90      En effet, ladite grille, qui s’appuie sur le document révisé, n’est que l’expression de la méthode mise en œuvre par les évaluateurs afin d’évaluer et de classer concrètement les offres au regard des critères d’attribution du marché. Les évaluateurs y ont consigné les points attribués ou déduits en fonction des éventuelles améliorations de deux passages et de la correction des erreurs prédéfinies (voir point 48 ci-dessus) et y ont calculé les scores des candidats. La requérante elle-même a qualifié la grille de notation standard de méthode d’évaluation dans le cadre du premier moyen.

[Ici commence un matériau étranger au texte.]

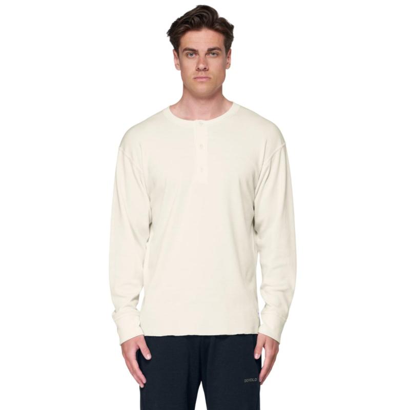 Devold Henley langermet ulltrøye til dame og herre er et nikk til den klassiske norske "bestefartrøya" fra 50-tallet. Med et stilig retrodesign, rund hals med knappestolpe og løs passform i naturlige farger kan denne trøya brukes både som genser og som mellomlag. Myk merinoull sikrer en behagelig passform og ypperlig isolajon og temperaturregulering.

91      Or, conformément à la jurisprudence citée aux points 81 et 82 ci-dessus, le pouvoir adjudicateur n’avait pas l’obligation de porter à la connaissance des soumissionnaires potentiels, par une publication dans l’avis de marché ou dans le cahier des charges, la méthode d’évaluation qu’il allait appliquer pour évaluer la qualité des épreuves de révision.

92      En outre, conformément à la jurisprudence citée au point 83 ci-dessus, les évaluateurs étaient libres d’utiliser le document révisé et la grille de notation standard afin de structurer leur travail d’examen et d’analyse des offres présentées par les candidats. En suivant cette méthode d’évaluation, ils n’ont pas introduit de nouveaux critères d’attribution et n’ont pas modifié les critères d’attribution existants. En effet, ainsi qu’il ressort, en substance, des points 52 et 55 ci-dessus, l’insertion de passages à améliorer et d’erreurs prédéfinies dans le texte à réviser et leur notation leur a permis d’évaluer la qualité de l’épreuve de révision en se fondant sur les exigences de qualité linguistiques définies au point 15.1, lu en combinaison avec le point 3, du cahier des charges.

93      S’agissant, plus particulièrement, des passages à améliorer, il est certes vrai, comme le souligne la requérante, que les termes « améliorations stylistiques » ne figurent pas expressément dans la description des exigences de qualité linguistique au sein du cahier des charges. Toutefois, la requérante ne saurait faire valoir que l’évaluation de passages à améliorer n’était ni prévisible ni raisonnable. En effet, il était précisé, dans ledit cahier des charges, que les évaluateurs fonderaient leur évaluation des épreuves de révision sur les exigences de qualité applicables aux révisions livrées en vertu des contrats-cadres. De plus, il résulte de la définition même du terme « révision », contenue au point 2 du cahier des charges, que l’exercice de révision doit aboutir à un texte qui réponde aux exigences de qualité. Parmi ces dernières figurait le respect des exigences stylistiques générales, le texte devant, par exemple, être fluide, idiomatique, homogène et adapté au public cible. Or, il résulte notamment de l’exigence de rendre un texte idiomatique et adapté au public cible qu’il y avait lieu d’apporter au texte révisé des améliorations tant linguistiques que stylistiques.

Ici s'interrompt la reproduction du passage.